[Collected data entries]
§ §

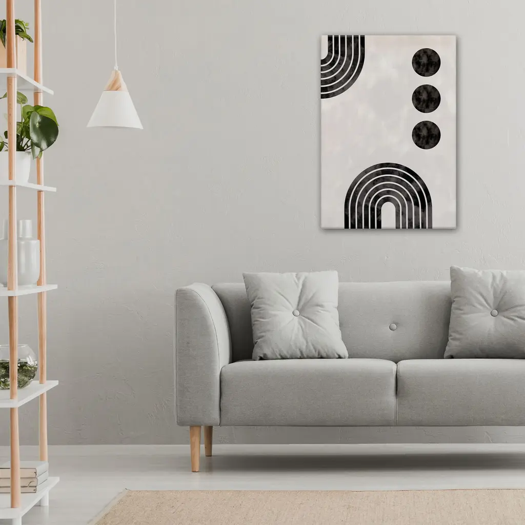 Infuse your space with the essence of this trendy wall art titled "Arch Drops" by 1X. With archs and circles in rich colors of black, gray, and white will complement any modern space. Designed and handcrafted in Chattanooga, Tennessee by Ready2HangArt, using eco-friendly practices. This piece arrives with hardware included and ready-to-hang on your wall for simple installation.
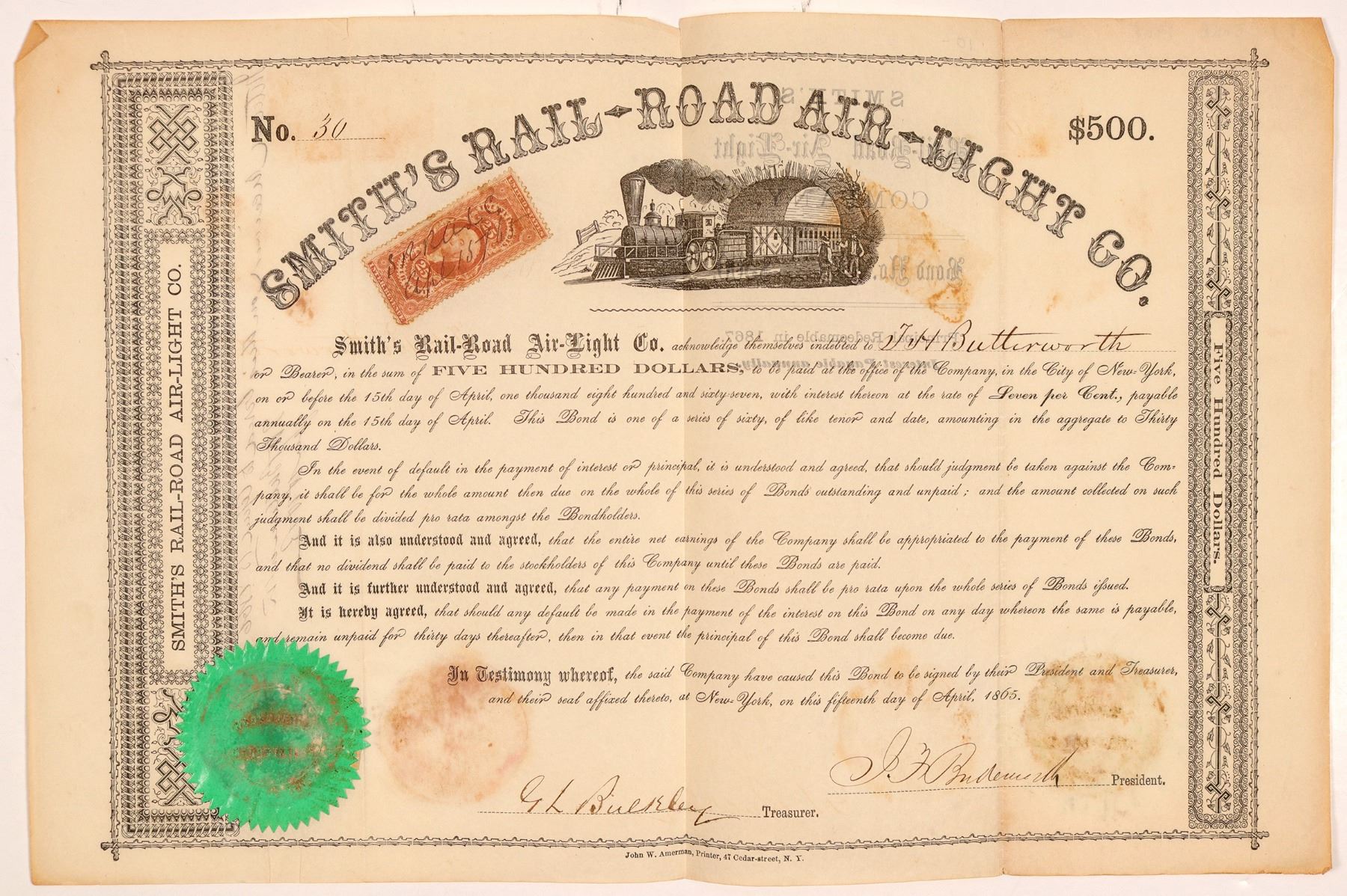 Incorp 1865 New York. #30, I/U, $500 bearer bond, due 1867. Issued April 15, 1865, signed by Pres. BLACK, embossed green seal, vignette top 4-4-0 @ depot. Revenue stamp left under title. Only year reported of issue. John W. Amerman printer. VF Ken Prag Collection
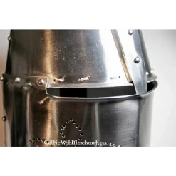Deze helm is gemaakt naar een 13de eeuwse grote helm die werd gedragen door Sir Richard Pembridge. Helmen zoals deze werden in geheel Europa gedragen.
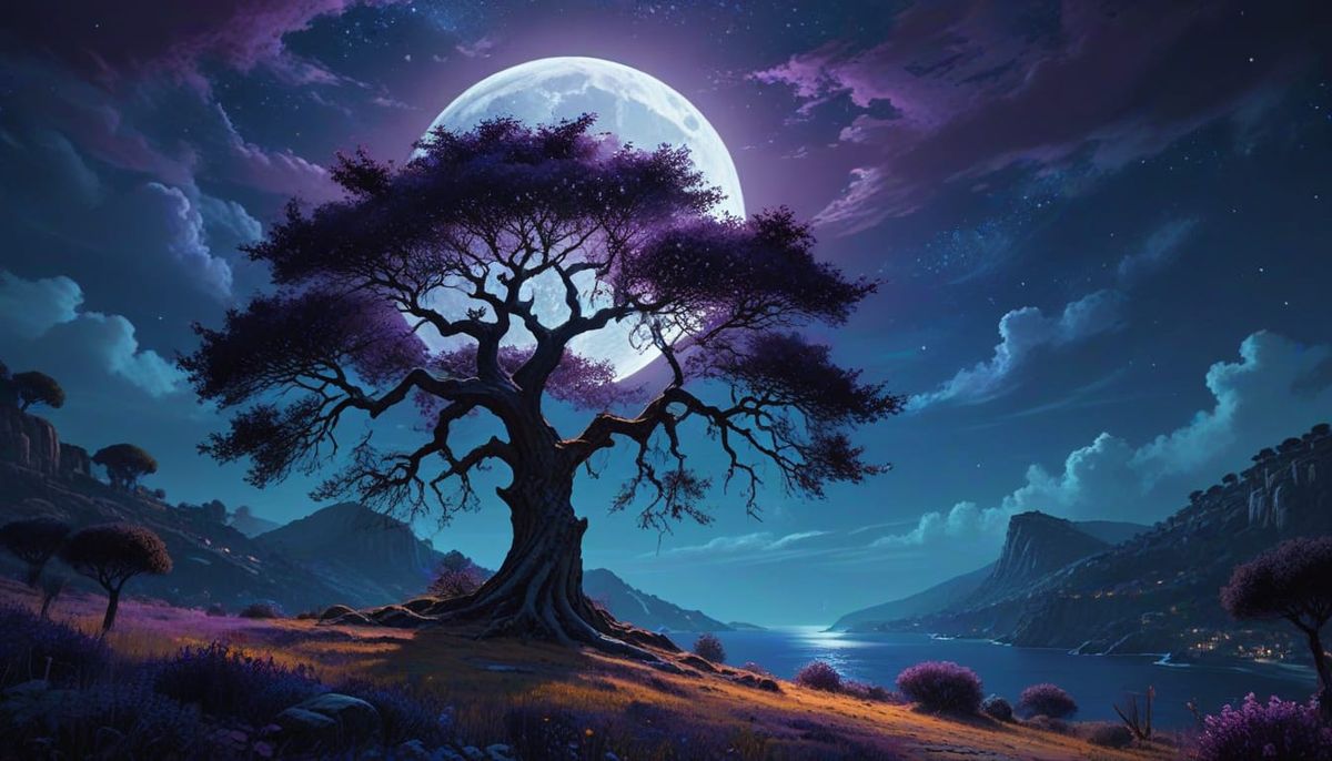 A serene moonlit night scene featuring a majestic Mediterranean tree with a wide canopy, set against a backdrop of a stunning high-definition moon, rendered in warm, vibrant colors with intricate textures and dramatic lighting.
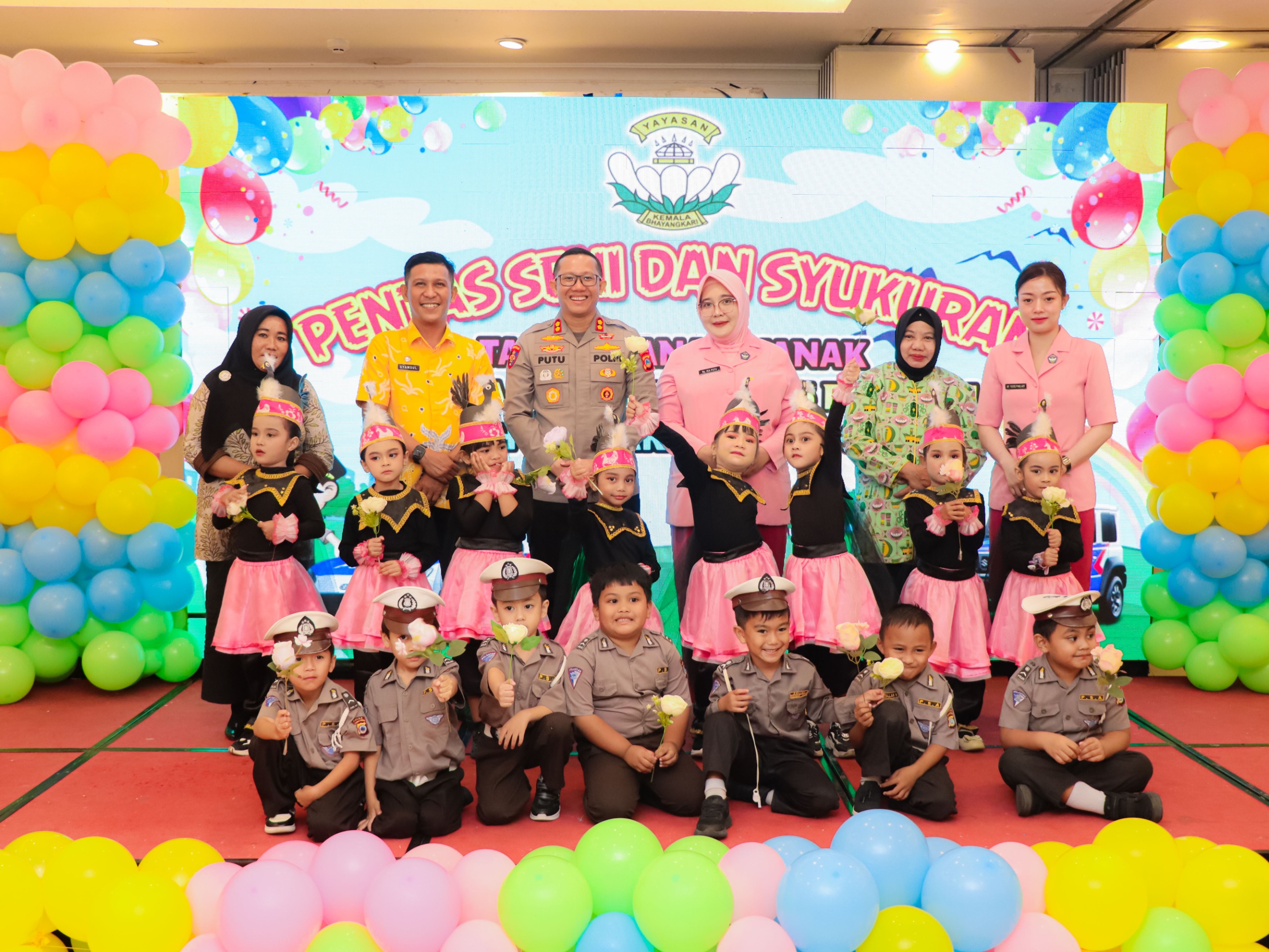 Dalam sambutannya, AKBP Putu menyampaikan bahwa momen ini adalah saat yang istimewa bagi kita semua khususnya anak-anak yang telah menyelesaikan pendidikan di TK ini.
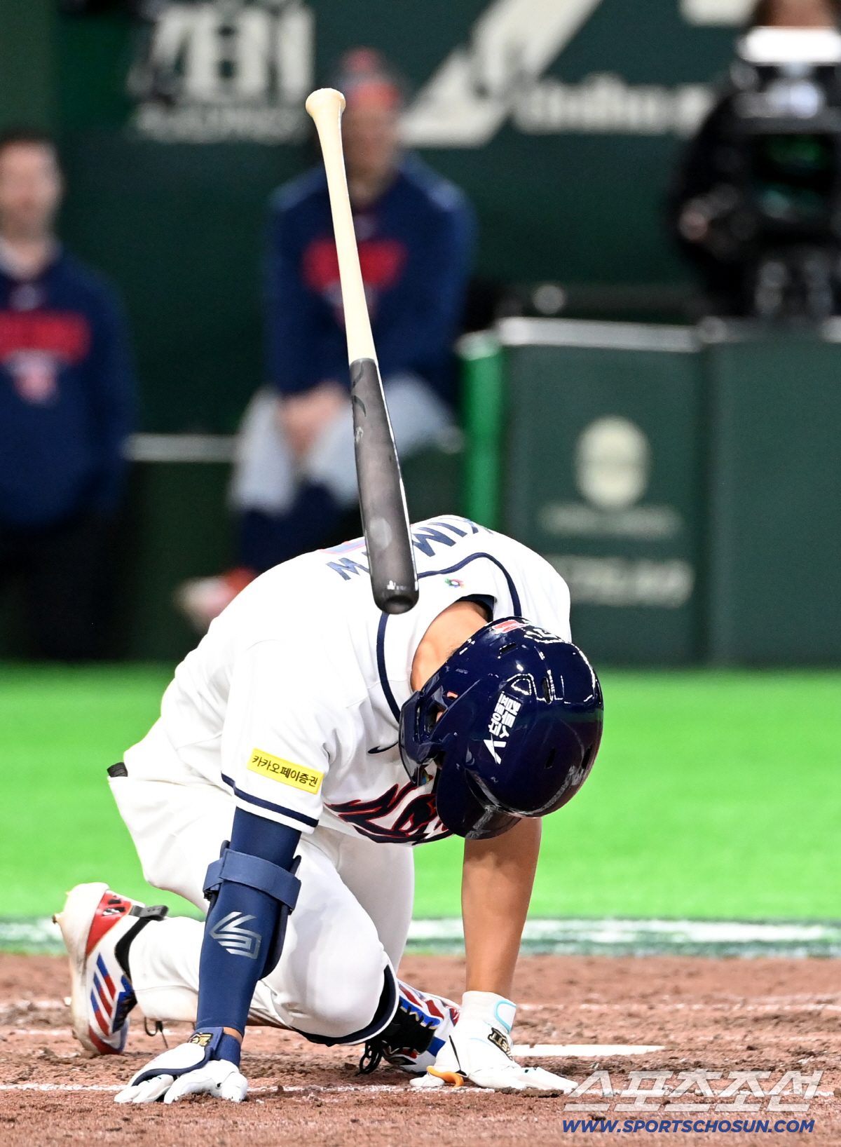 5일 일본 도쿄돔에서 열린 WBC(월드베이스볼클래식) 한국과 체코의 경기. 5회말 2사 2루 김주원이 자신이 친 파울타구에 맞은 후 괴로워하고 있다. 도쿄(일본)=허상욱 기자wook@sportschosun.com
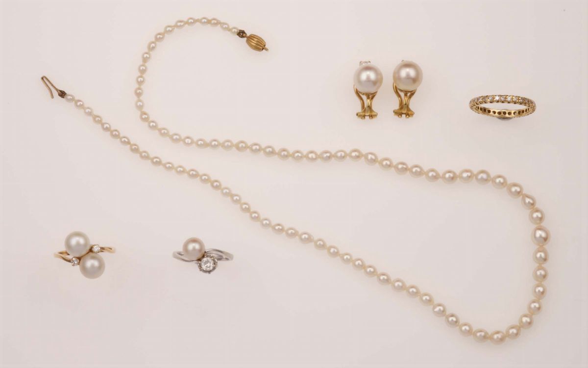 Lotto composto da una collana di perle naturali, tre anelli ed un paio di orecchini con perle
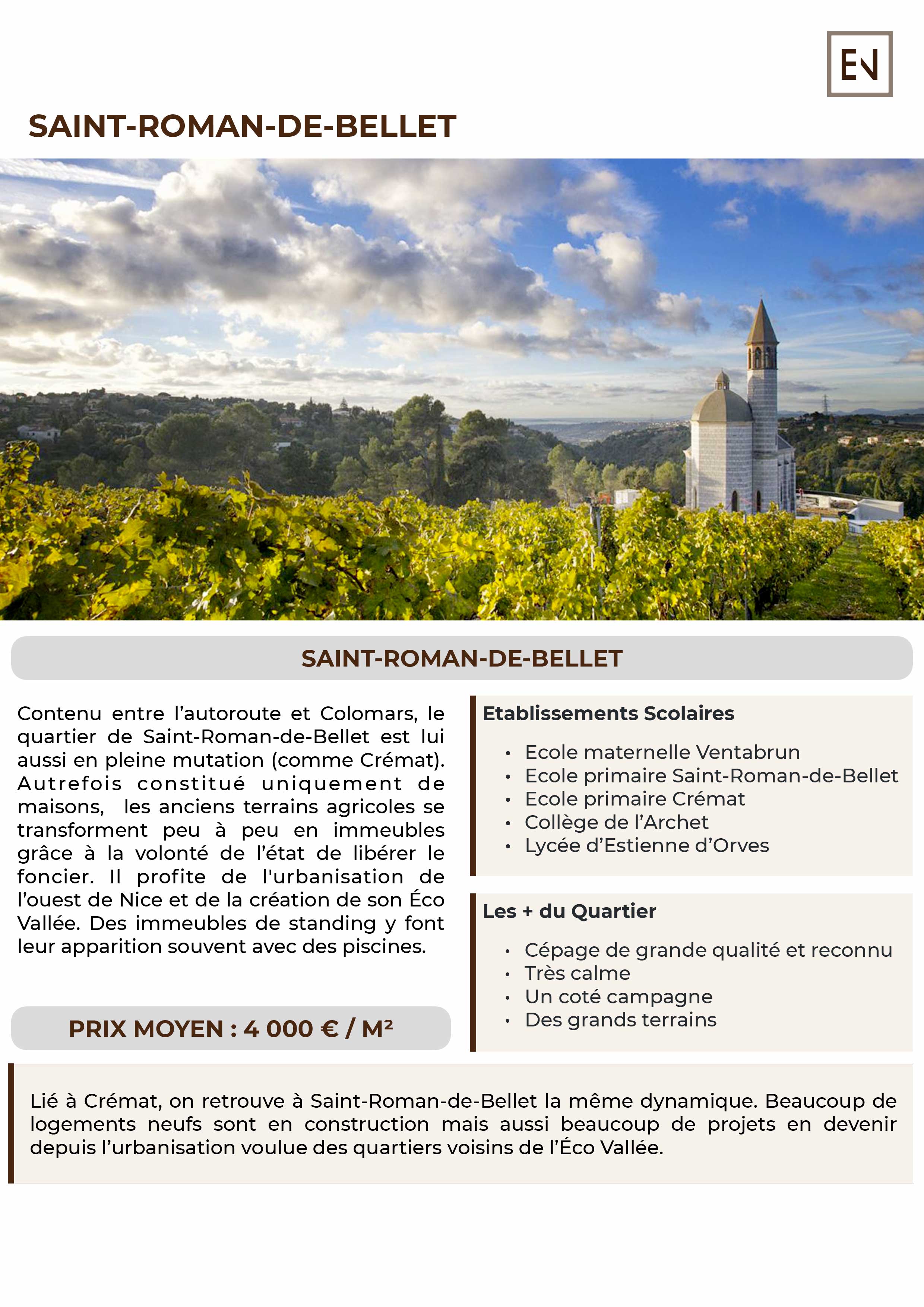 Contenu entre l’autoroute et Colomars, le quartier de Saint-Roman-de-Bellet est lui aussi en pleine mutation (comme Crémat).

§ §

» **Prompt**
Keep the pictures out of your answer, which should be the lines from the one with "5일 일본 도쿄돔에서" through the final line of the data, copied exactly.

» **Answer to this exercise**
 5일 일본 도쿄돔에서 열린 WBC(월드베이스볼클래식) 한국과 체코의 경기. 5회말 2사 2루 김주원이 자신이 친 파울타구에 맞은 후 괴로워하고 있다. 도쿄(일본)=허상욱 기자wook@sportschosun.com
 Lotto composto da una collana di perle naturali, tre anelli ed un paio di orecchini con perle
 Contenu entre l’autoroute et Colomars, le quartier de Saint-Roman-de-Bellet est lui aussi en pleine mutation (comme Crémat).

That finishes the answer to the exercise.